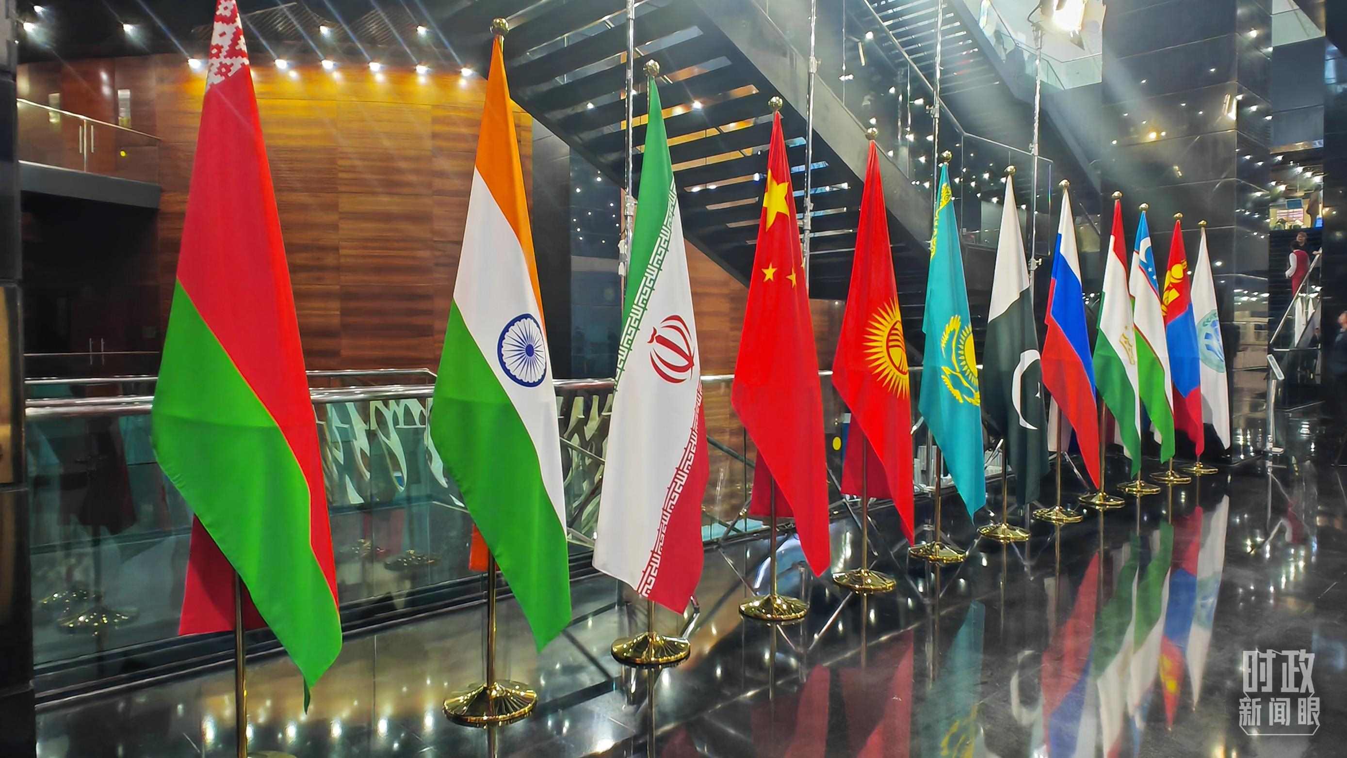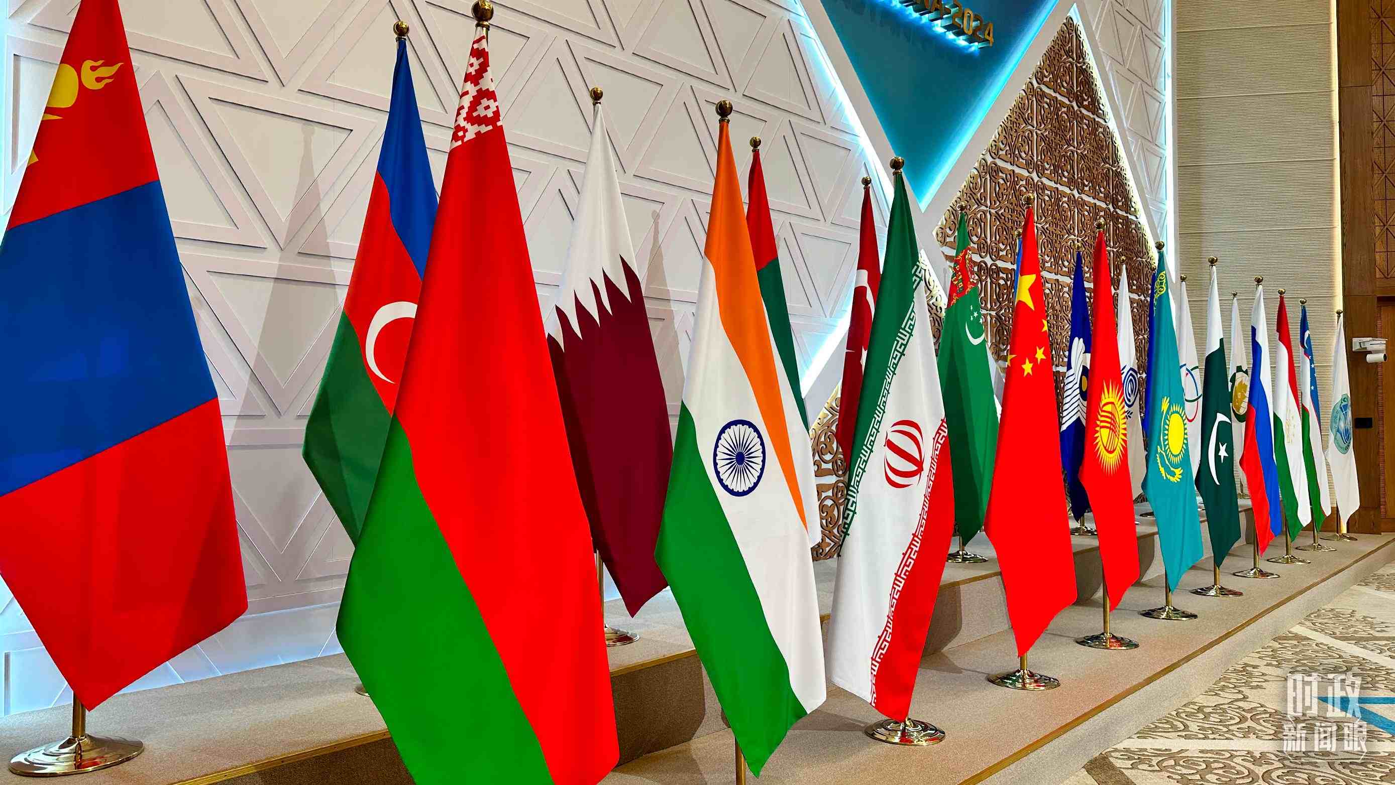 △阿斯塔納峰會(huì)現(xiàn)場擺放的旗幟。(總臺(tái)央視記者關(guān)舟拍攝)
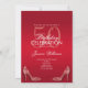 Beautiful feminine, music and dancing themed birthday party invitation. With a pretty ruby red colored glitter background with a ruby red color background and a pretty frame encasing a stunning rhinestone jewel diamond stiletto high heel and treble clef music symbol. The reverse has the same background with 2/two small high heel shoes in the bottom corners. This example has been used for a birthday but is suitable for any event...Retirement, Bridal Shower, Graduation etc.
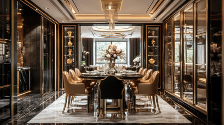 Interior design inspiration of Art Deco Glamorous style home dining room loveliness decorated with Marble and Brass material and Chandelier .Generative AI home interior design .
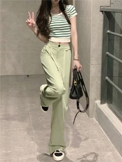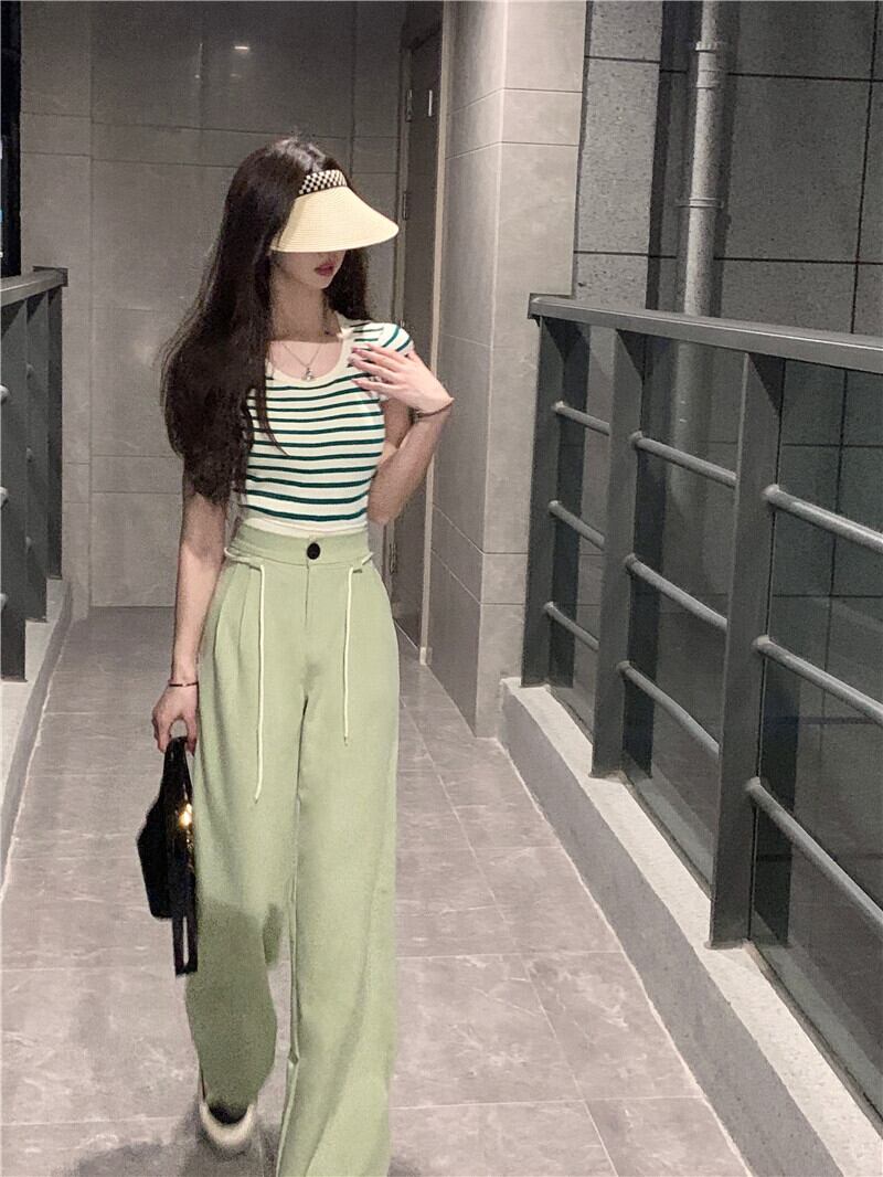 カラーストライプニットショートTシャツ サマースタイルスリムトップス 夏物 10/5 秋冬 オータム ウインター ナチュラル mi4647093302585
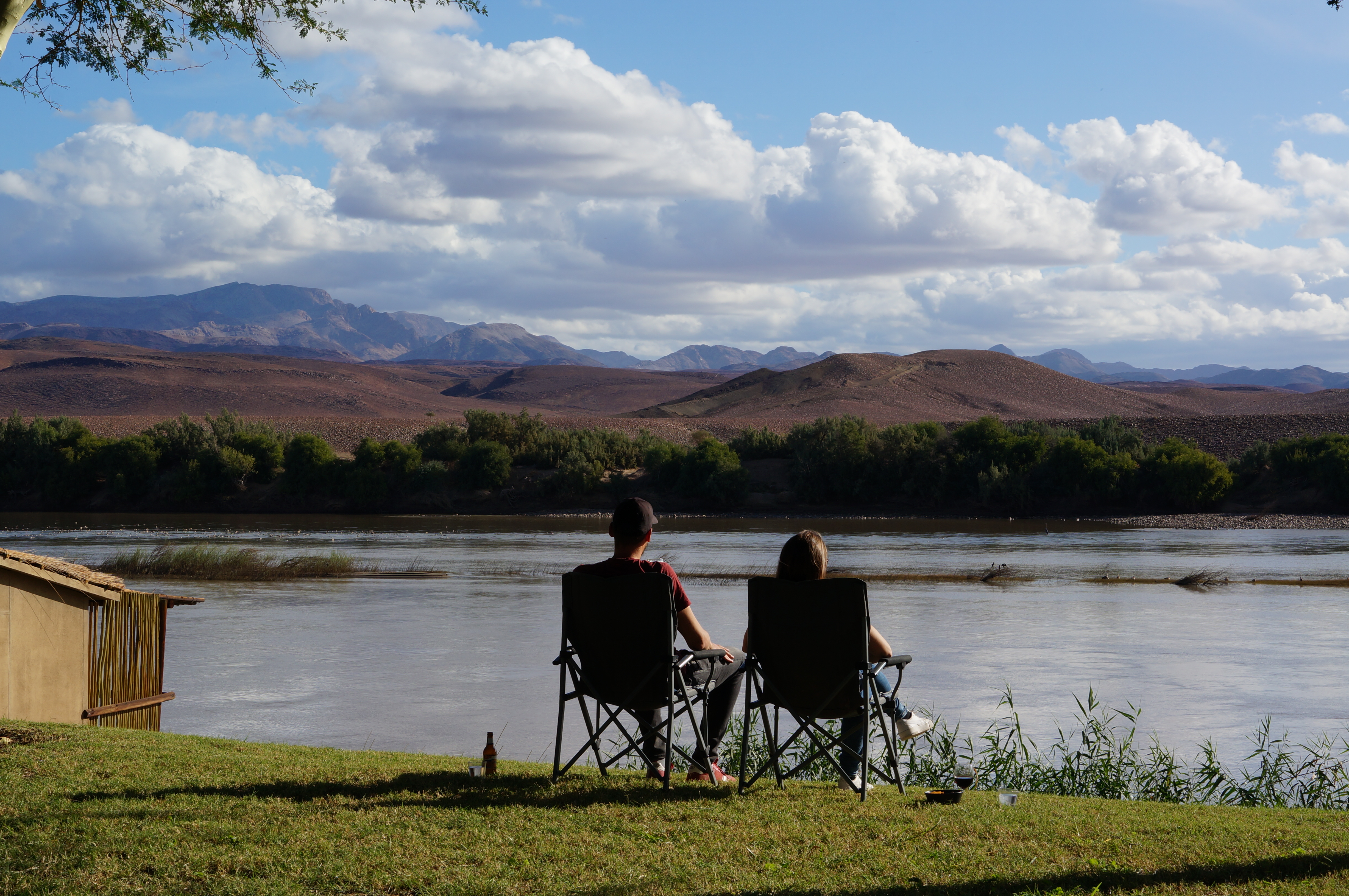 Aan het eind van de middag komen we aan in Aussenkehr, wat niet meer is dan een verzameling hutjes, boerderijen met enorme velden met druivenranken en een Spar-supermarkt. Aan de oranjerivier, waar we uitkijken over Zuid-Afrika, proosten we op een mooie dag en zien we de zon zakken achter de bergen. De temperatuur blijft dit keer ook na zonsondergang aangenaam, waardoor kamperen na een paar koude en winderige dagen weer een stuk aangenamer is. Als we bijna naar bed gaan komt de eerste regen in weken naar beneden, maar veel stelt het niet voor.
※
What is needed: Give back the whole listing exactly as it stands. No pictures belong in the copy.

Expected output:
 △阿斯塔納峰會(huì)現(xiàn)場擺放的旗幟。(總臺(tái)央視記者關(guān)舟拍攝)
 Beautiful feminine, music and dancing themed birthday party invitation. With a pretty ruby red colored glitter background with a ruby red color background and a pretty frame encasing a stunning rhinestone jewel diamond stiletto high heel and treble clef music symbol. The reverse has the same background with 2/two small high heel shoes in the bottom corners. This example has been used for a birthday but is suitable for any event...Retirement, Bridal Shower, Graduation etc.
 Interior design inspiration of Art Deco Glamorous style home dining room loveliness decorated with Marble and Brass material and Chandelier .Generative AI home interior design .
 カラーストライプニットショートTシャツ サマースタイルスリムトップス 夏物 10/5 秋冬 オータム ウインター ナチュラル mi4647093302585
 Aan het eind van de middag komen we aan in Aussenkehr, wat niet meer is dan een verzameling hutjes, boerderijen met enorme velden met druivenranken en een Spar-supermarkt. Aan de oranjerivier, waar we uitkijken over Zuid-Afrika, proosten we op een mooie dag en zien we de zon zakken achter de bergen. De temperatuur blijft dit keer ook na zonsondergang aangenaam, waardoor kamperen na een paar koude en winderige dagen weer een stuk aangenamer is. Als we bijna naar bed gaan komt de eerste regen in weken naar beneden, maar veel stelt het niet voor.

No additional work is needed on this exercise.